C++ overloading by functor param count type

Question

I am working on "LINQ to Objects" library for C++11. I would like to do smth like this:

// filtering elements by their value
arr.where( [](double d){ return d < 0; } )

// filtering elements by their value and position
arr.where( [](double d, int i){ return i%2==0; } )

I down want to write arr.where_i( ... ) - it's ugly. So i need function/method overloading by lambda-type...

This is my solution:

template<typename F>
auto my_magic_func(F f) -> decltype(f(1))
{
    return f(1);
}

template<typename F>
auto my_magic_func(F f, void * fake = NULL) -> decltype(f(2,3))
{
    return f(2,3);
}

int main()
{
    auto x1 = my_magic_func([](int a){ return a+100; });
    auto x2 = my_magic_func([](int a, int b){ return a*b; });
    // x1 == 1+100
    // x2 == 2*3
}

Is it SFINAE solution? What can you suggest me?

Answer 1

Maybe something variadic:

#include <utility>

template <typename F, typename ...Args>
decltype(f(std::declval<Args>()...) my_magic_func(F f, Args &&... args)
{
    return f(std::forward<Args>(args)...);
}

Edit: You can also use typename std::result_of<F(Args...)>::type for the return type, which does the same thing.

Answer 2

You certainly want SFINAE in your solution. Generally speaking, the result would look something like:

template<
    typename Functor
    , typename std::enable_if<
        special_test<Functor>::value
        , int
    >::type = 0
>
return_type
my_magic_func(Functor f);

template<
    typename Functor
    , typename std::enable_if<
        !special_test<Functor>::value
        , int
    >::type = 0
>
return_type
my_magic_func(Functor f);

such that only one overload would be active at any one time -- all that remains now is carefully crafting that special_test to have the behaviour we want. This is a careful balancing act as you don't want the test to be too specific; otherwise we lose generality. Quite a shame when writing generic code. You haven't given too much information (eg are you strictly interested in support for lambdas? monomorphic functors? polymorphic functors?), but I will assume for now that we have access to a value_type alias which would correspond to double in your example.
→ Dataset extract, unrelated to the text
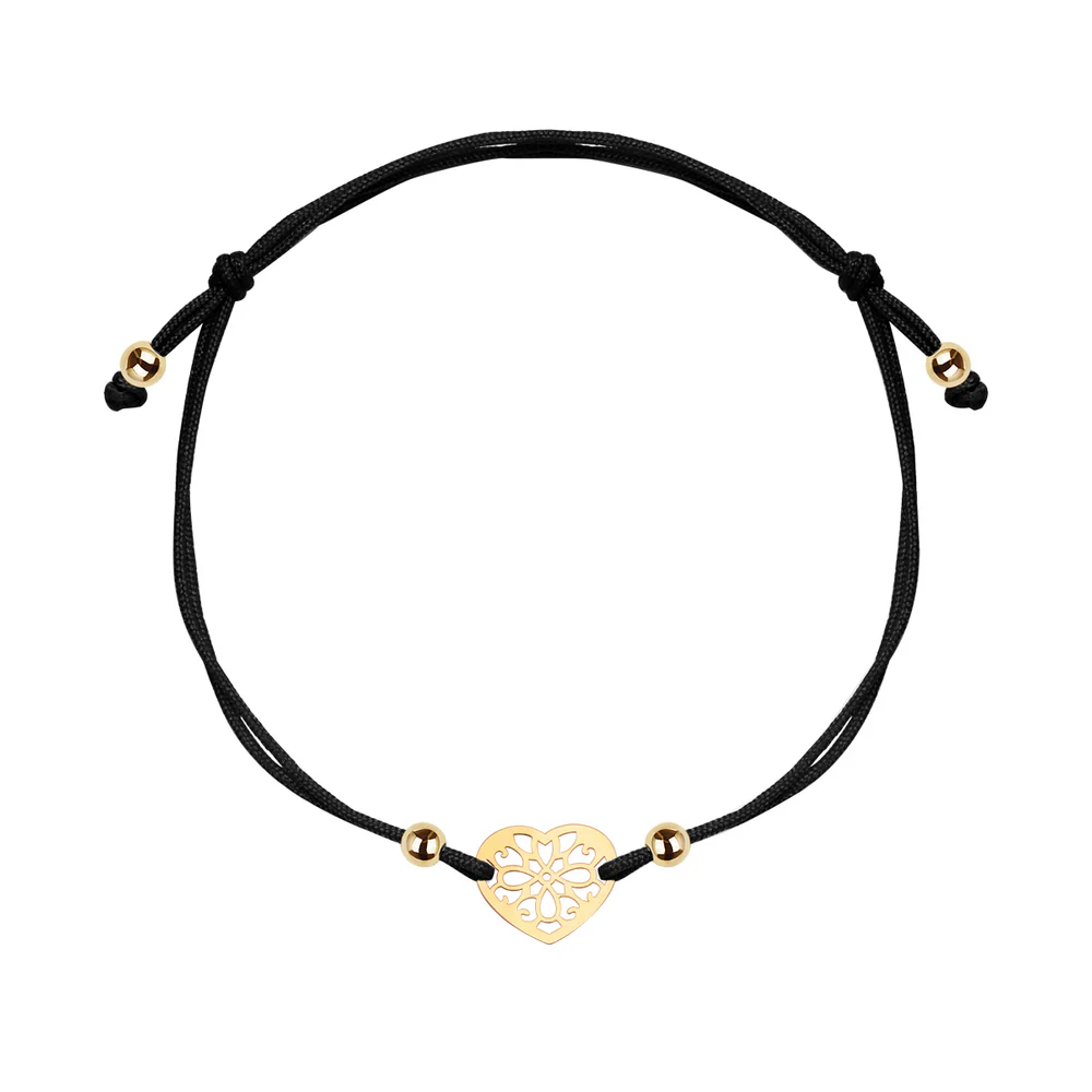 Bransoletka na czarnym sznurku wykonana ze złota próby 333. Ozdobiona ażurowym elementem w kształcie serca i drobnymi kulkami przy zapięciu. Subtelny model o symbolicznym charakterze, idealny jako biżuteria przyjaźni lub drobny prezent.
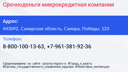 Срочноденьги, микрокредитная компания по адресу 443092, Самарская область, Самара, Победы, 123 в дальнейшем Организация, размещена в следующих категориях:

As such, here's an example condition that will check that a given type is Callable (that's a Standard concept) with signature bool(value_type) ; ie that it's a predicate of sorts:

template<typename Functor, typename ValueType>
struct is_unary_predicate {
    typedef char (&accepted)[1];
    typedef char (&refused)[2];

    void consume(bool);

    template<
        typename X
        , typename Y
        , typename = decltype( consume(std::declval<X>()(std::declval<Y>())) )
    >
    accepted
    test(X&&, Y&&);

    refused test(...);

    static constexpr bool value =
        sizeof test(std::declval<Functor>(), std::declval<ValueType>())
        == sizeof(accepted);
};

Personally I have an is_callable<F, Signature> trait so that I would only need to write something like template<typename Functor, typename ValueType> using is_unary_predicate = is_callable<Functor, bool(ValueType)>; (and similarly I could have an is_binary_predicate alias instead of letting the second overload of my_magic_func be a catch-all). Perhaps you'd want to use a similar trait for future uses of SFINAE (although it may be somewhat painful to write without variadic templates).